For above rule dynamic message will be generated as-

There is no index key used for users table, and can result into full scan of the users table

For above rule dynamic suggestion will be generated as-

Please use index from possible_keys: ["PRIMARY", "user_email"] or add new one to users table as per the requirements.

Threshold rule example

"possible_keys": {
  "description": "Index keys possible for a specifc table",
  "value_type": "array",
  "delimiter": ",",
  "rules": {
    "threshold": {
      "amount": 5,
      "impact": "negative",
      "message": "There are $amount possible keys for $table table, having too many index keys can be unoptimal",
      "suggestion": "Please check if there are extra indexes in $table table." 
    }
  }
}

For above rule dynamic message will be generated as-

There are 10 possible keys for users table, having too many index keys can be unoptimal

For above rule dynamic suggestion will be generated as-

Please check if there are extra indexes in users table.

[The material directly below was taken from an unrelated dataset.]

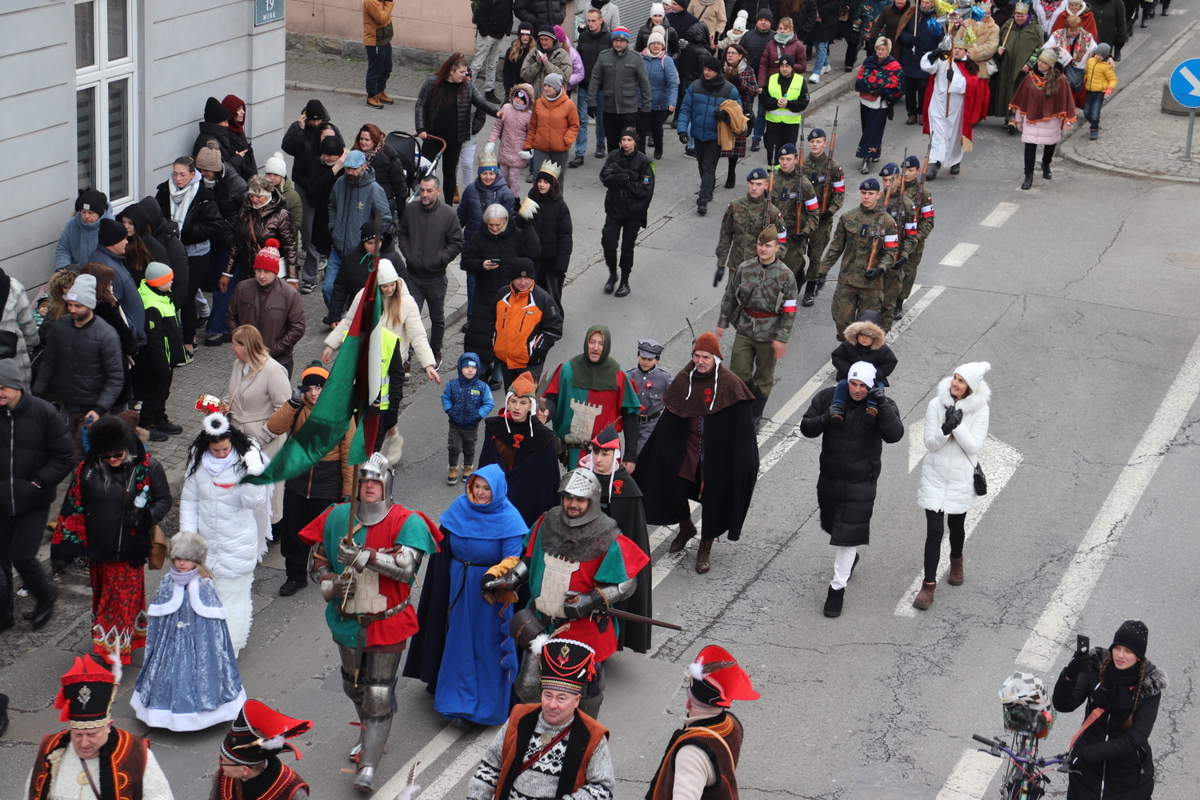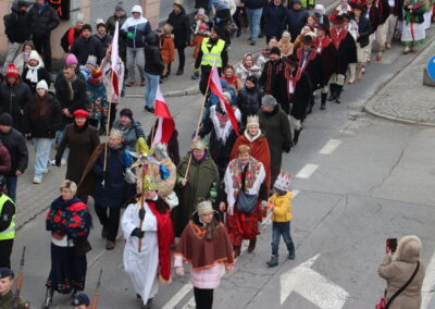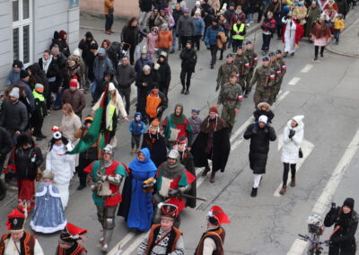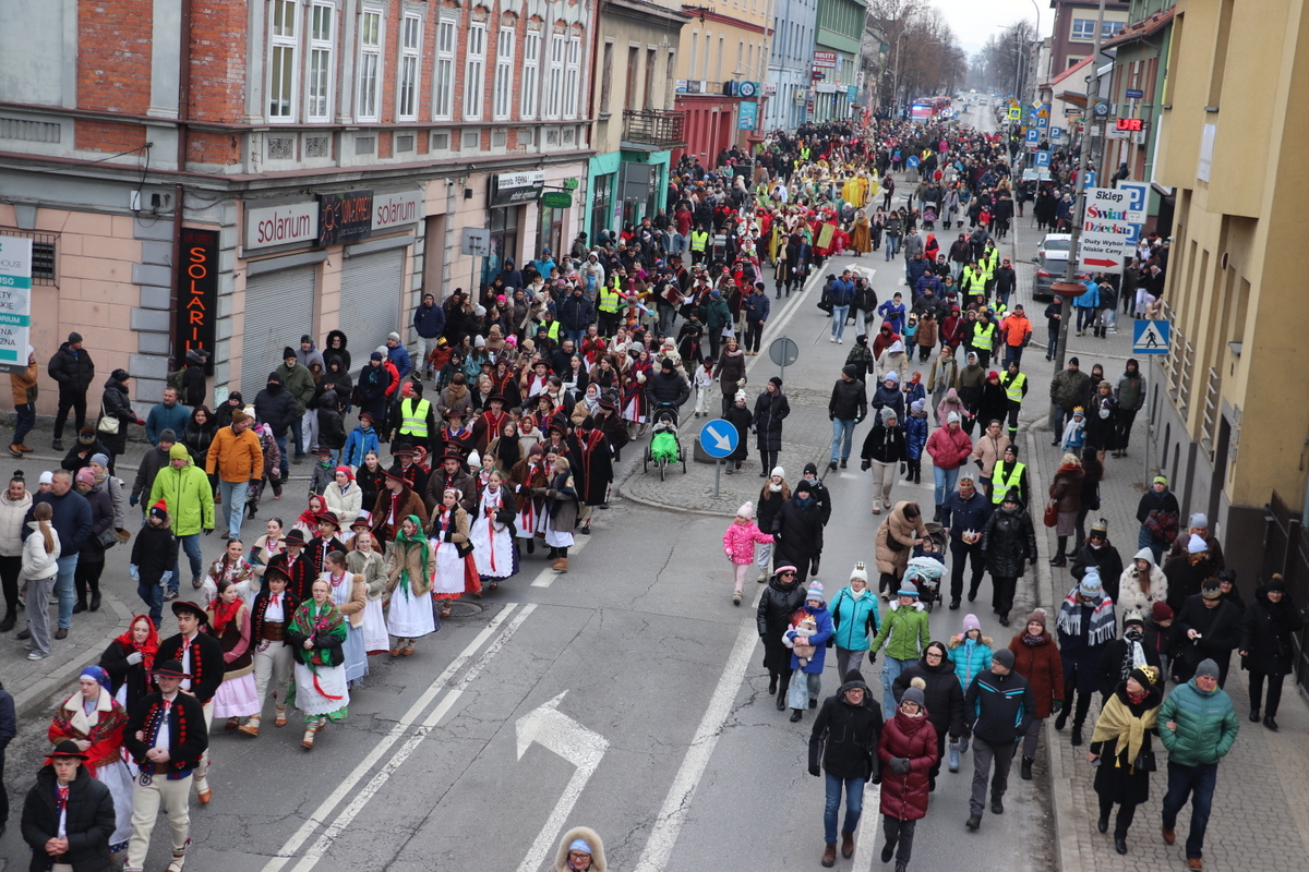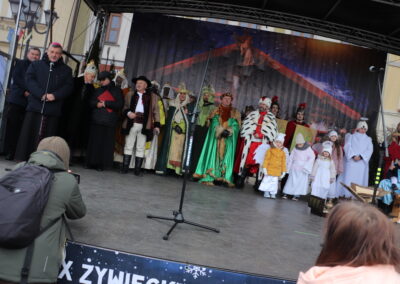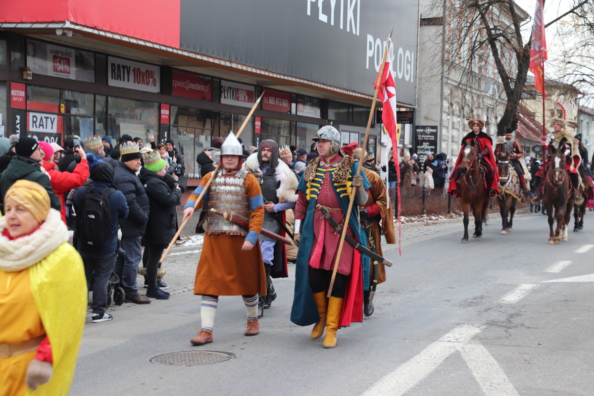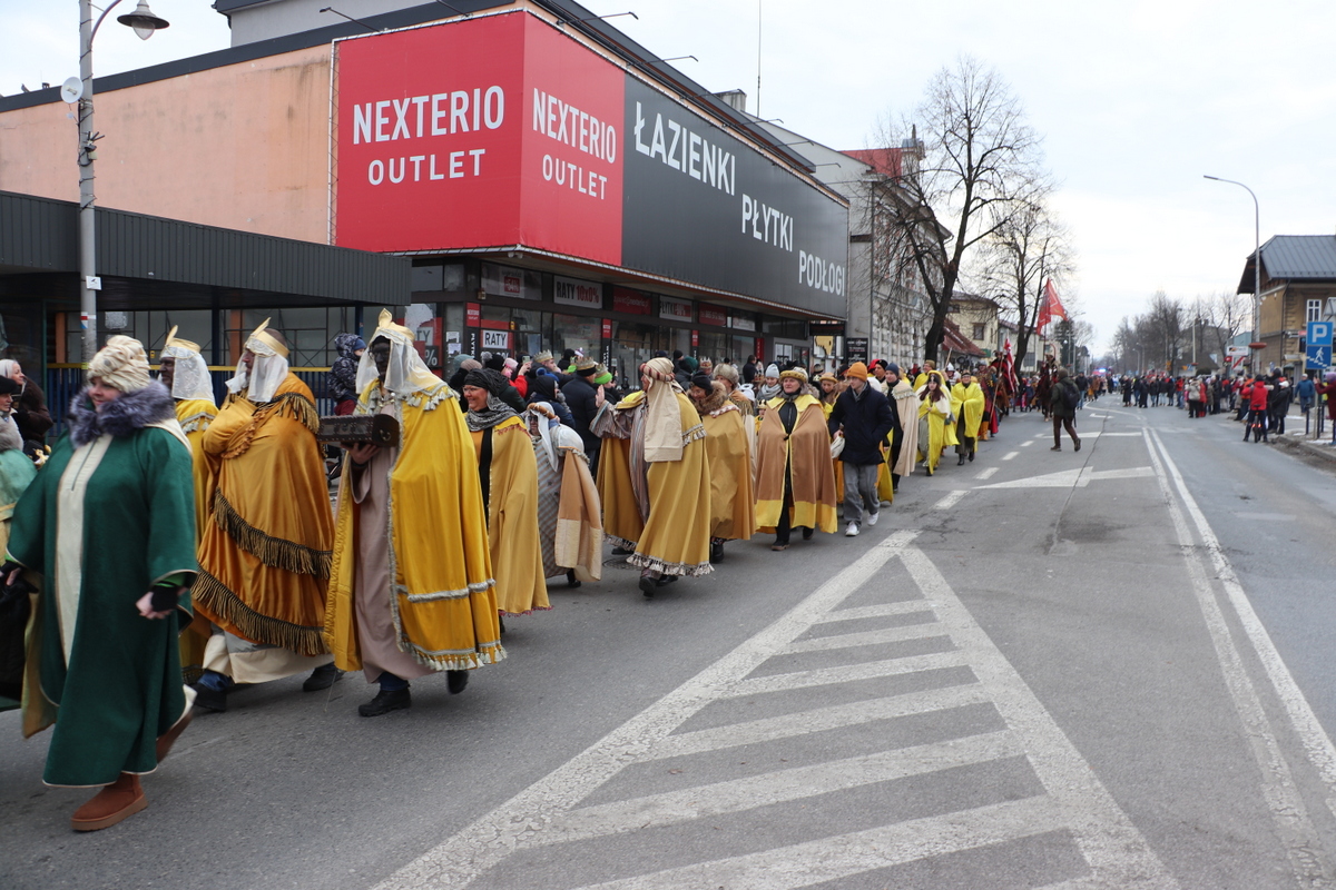Po zakończonej Mszy Św. uformował się orszak z przewodnictwem Trzech Króli, który przeszedł ulicami: Dworcową, Kościuszki na Rynek miasta. W korowodzie uczestniczyli Jukace Zabłoccy, Beskidzcy Harnasie, Bractwo Rycerskie „Chorągiew Żywiecka”, Stowarzyszenie Dzieci Serc z Radziechowa, zespoły muzyczne, wspólnoty dziecięce, młodzieżowe działające przy parafiach przebrane za aniołki i pastuszki, Regionalny Zespół Pieśni i Tańca „Pilsko”, a Zespół Regionalny „Mieszczanie”, w trakcie przemarszu orszaku, poprowadził śpiew kolęd z nagłośnieniem.

Complex Detailed rule example

"detailed#used_columns": {
  "description": "",
  "value_type": "array",
  "rules": {
    "threshold": {
      "amount": 7,
      "impact": "negative",
      "message": "You have selected $amount columns, You should not select too many columns.",
      "suggestion": "Please only select required columns." 
    }
  }
}

For above rule dynamic message will be generated as-

You have selected 10 columns, You should not select too many columns.

For above rule dynamic suggestion will be generated as-

Please only select required columns.

Summary

You can define similar rules for summary. Current summary attribute supported -

cardinality - cardinality based on the all tables

NOTE: You can add custom summary attributes by defining how to calculate them in QueryRuleEngine.add_summary for a attribute key.

Attributes

There all lot of attributes for you to use based on the final execution plan.

You can use normal execution plan attribute directly. Eg. select_type, type, Extra, possible_keys

To check more keys you can use EXPLAIN <query>

You can use detailed execution plan attribute can be used in flatten form with detailed# prefix. Eg. detailed#used_columns, detailed#cost_info#read_cost

To check more keys you can use EXPLAIN format=JSON <query>

Development

After checking out the repo, run bin/setup to install dependencies. Then, run rake spec to run the tests. You can also run bin/console for an interactive prompt that will allow you to experiment.

To install this gem onto your local machine, run bundle exec rake install. To release a new version, update the version number in version.rb, and then run bundle exec rake release, which will create a git tag for the version, push git commits and the created tag, and push the .gem file to rubygems.org.

Contributing

Bug reports and pull requests are welcome on GitHub at https://github.com/[USERNAME]/query_rule_engine. This project is intended to be a safe, welcoming space for collaboration, and contributors are expected to adhere to the code of conduct.

License

The gem is available as open source under the terms of the MIT License.

Code of Conduct

Everyone interacting in the QueryRuleEngine project's codebases, issue trackers, chat rooms and mailing lists is expected to follow the code of conduct.